3.1 Excès  et  inversion  des  normes

3.1.2 La  guerre  des  sexes

Comme le souligne Patricia Mercader, John Irving « aborde de nombreux thèmes portant directement sur la question du genre et des relations entre hommes et femmes, sur le plan social aussi bien que sur le plan privé. »148 Par ailleurs, nous y avons fait allusion à plusieurs reprises, les romans s’inscrivent dans une certaine remise en cause du patriarcat et de ses règles. Les rapports sociaux de sexe149, tels que présentés par The Cider House Rules, A Prayer for Owen Meany et A Widow for One Year participent de la même synergie contestataire dans la mesure où nous assistons très souvent à un renversement des valeurs génériques du couple. En outre, l’originalité de John Irving réside majoritairement dans ses descriptions de personnages sexuellement ambigus qui contribuent fortement à la dimension transgressive de ses romans. Enfin, dans son choix de proposer à notre lecture des cas d’union libre — deux couples phares de notre corpus sont concernés, Homer et Candy ainsi que Owen et Hester — l’auteur s’inscrit en marge des normes sociétales américaines traditionnelles, d’autant plus que la relation de couple est dans la grande majorité des cas problématique. En effet, le plus souvent, la relation de couple est entachée de nombreux problèmes tous en lien avec la figure masculine : la mort prématurée du grand-père Wheelwright, l’alcoolisme de Senior Worthington ou encore l’inconstance de Ted. Dans les deux premiers cas, la femme prend le pouvoir aussi bien sur le plan social que privé. Même chez les couples apparemment les plus traditionnels, John Irving parvient à faire passer un message à consonnance féministe et inscrit par conséquent ses romans dans la droite lignée du mouvement contestataire des années 1960.

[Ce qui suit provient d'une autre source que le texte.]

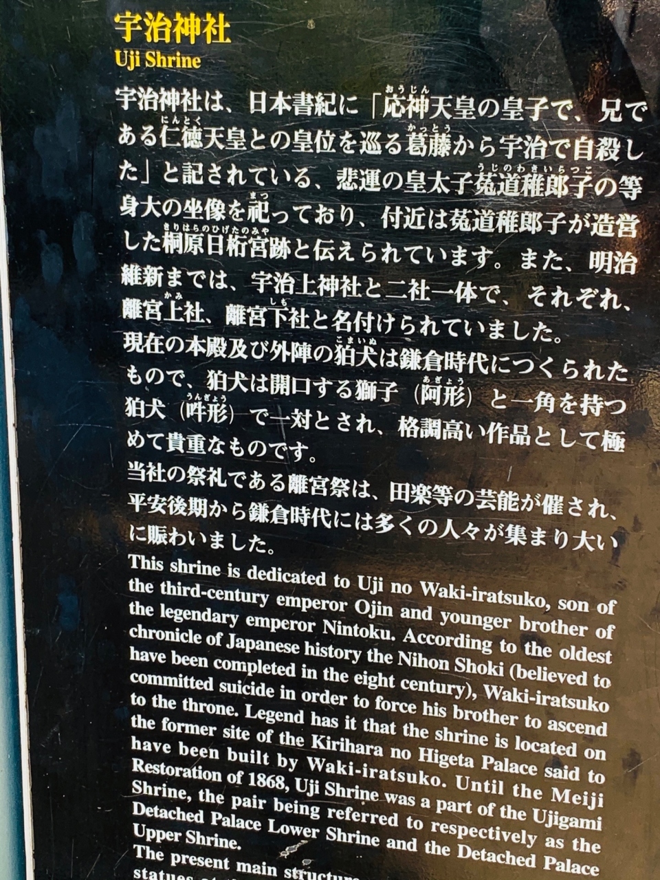 かって宇治離宮八幡と呼ばれていた神社、御祭神は菟道稚郎子命(うじのわきいらつこのみこと)とされておりこの神様の名前が付ける... 続きを読むられた当時は現在の宇治(うじ)は菟道(うじ)と書いていたらしい、所在地を見ると京都府宇治市宇治山田とあった、宇治山田は伊勢神宮の場所と思っていたが京都府宇治市にもあったのにはびっくりした、この神社へ直接行くときは宇治橋東詰から川に沿って徒歩20分進むと川辺に宇治十帖の像があり左側に第一の鳥居がありますのでここから階段を登ります、かなり長い登りです、すこし頑張る必要がある、宇治上神社はここからさらに登り坂を徒歩8分の位置にあります 閉じる

148 Patricia Mercader, « Bisexualité et différence des sexes dans l’œuvre de John Irving »,

Cliniques méditérranéennes, 63 (2001), p. 282.

149 Dans son ouvrage Gender Trouble (New York: Routledge, 1990), Judith Butler analyse le caractère performatif du genre et envisage, en conclusion, la parodie ainsi que le travestissement, comme une manière de déstabiliser et de mettre en lumière les présupposés à propos de l'identité de genre. L’effort de John Irving pour débarasser ses romans des stéréotypes traditionnels combiné à son utilisation régulière de la parodie nous amènent à penser que la théorie de Butler est plus pertinente que celle de Thomas Laqueur, qui dans Making Sex:Body and Gender from the Greeks to Freud (Cambridge: Harvard UP, 1990) souligne certes le caractère changeant de la définition du genre mais dont le présupposé théorique du « one sex model », dans le cadre duquel la femme est un « sous-homme », ne nous paraît pas correspondre aux configurations proposées par les trois romans.

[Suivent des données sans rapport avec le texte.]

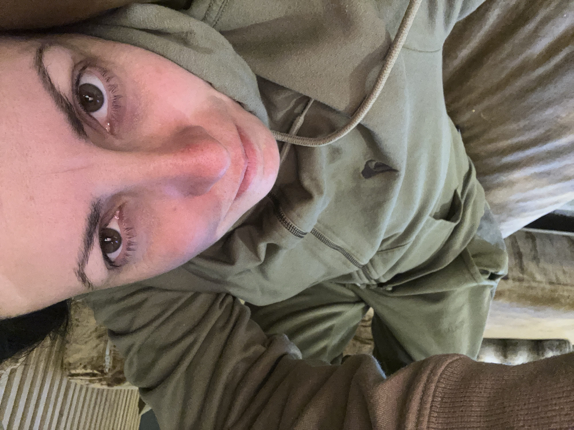 A close-up, tilted selfie of a person wearing a green hooded zip-up sweatshirt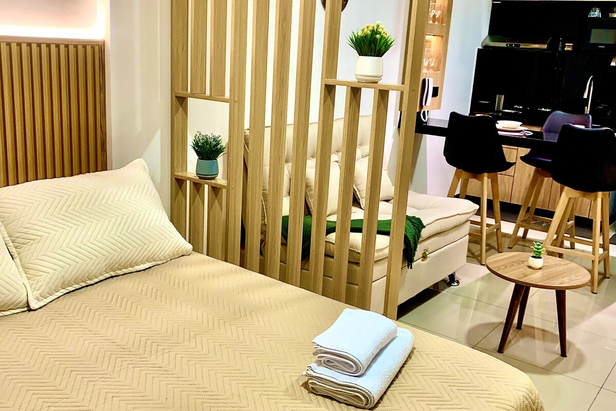 Njóttu dvalarinnar í hæstu eign á Airbnb í Santa Cruz og í bestu byggingu borgarinnar. Þú getur notið aðstöðu eins og sundlaugar, gufuböðs og stórkostlegs útsýnis frá 26. hæð í átt að fallegri Manzana 40-byggingu, náttúrunni í vistvænu svæðinu og urubo. Nokkur skref frá matvöruverslun, veitingastöðum, verslunarmiðstöð, viðskiptamiðstöð, bönkum, heilsulind. Í byggingunni eru hæstu og fallegustu veitingastaðirnir í Santa Cruz, Cielo skay bar og Jardin in Asia.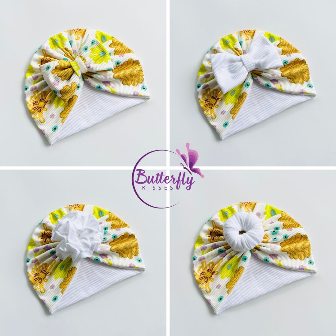 White, Yellow & Brown Floral Printed Baby Turban Hats in Bow, Flower & Donut Designs

Cette question de pouvoir est dans les trois romans fortement corrélée à la violence comme l’attestent les questions de l’avortement ou du viol dans The Cider House Rules ou encore dans A Widow for One Year la tentative de viol de Scott sur Ruth ou le meurtre de Rooie par le « moleman », qui « est conçue comme une manifestation pathologique »150 de la guerre des sexes. Ce personnage de « l’homme taupe » apparaît comme le parangon de la masculinité négative par ailleurs exprimée par les nombreux manquements et déviances de la grande majorité des figures masculines. Par voie de conséquence, cette forme de masculinité virile et liée aux notions de force et d’autorité — l’image de l’homme telle que véhiculée par le patriarcat — est amplement contestée par John Irving, qui en outre renverse ces codes traditionnels et virilise certains de ses personnages féminins. Ainsi, Ruth, Hester et Melony n’ont pas vraiment les attributs physiques de la féminité151. Elles sont toutes les trois décrites comme charpentées, musclées, massives même si Ruth par exemple conserve une poitrine opulente qui la rattache à l’image conventionnelle — mais un peu excessive — de la femme.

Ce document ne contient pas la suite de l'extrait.